If we insist on a single master DB, we forfeit partition tolerance. Brewer's theorem does not mention this explicitly, but for databases to be really large we want to be able to distribute them.

A classic distributed database forfeits availability: if the link between nodes goes down, the database is unavailable to anyone, even those able to access one of the nodes.

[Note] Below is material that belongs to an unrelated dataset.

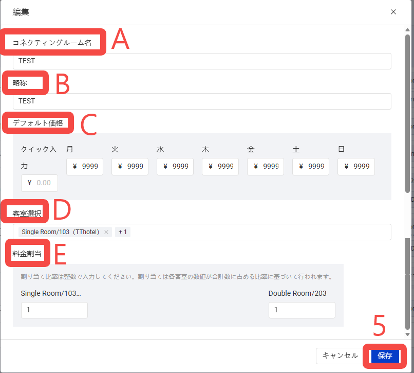 E. 料金割当:各部屋の料金配分比率を整数で入力します。

Consider DNS as a big database: we do not have consistency.

One solution is eventual consistency: when connectivity returns, we resolve conflicting transactions. DNS does have eventual consistency. The problem case, of course, is when two transactions involve updates to the same item. Note that for the Facebook wall example above, there aren't really any conflicting transactions (unless you count this: A posts, B comments on A's post, A deletes his/her post without seeing B's. But this happens all the time even when the data is consistent: A posts, B comments, A deletes without refreshing the page).

The worst situation is when Amazon has one book left, and two people have just bought it. We can guarantee this won't happen with a central database (or even a separate central database for each of several disjoint sets of products, eg DB[N] is for all items where SKU mod 137 = N). But eventual consistency is not good here: it leads to scenarios where the last copy is sold twice.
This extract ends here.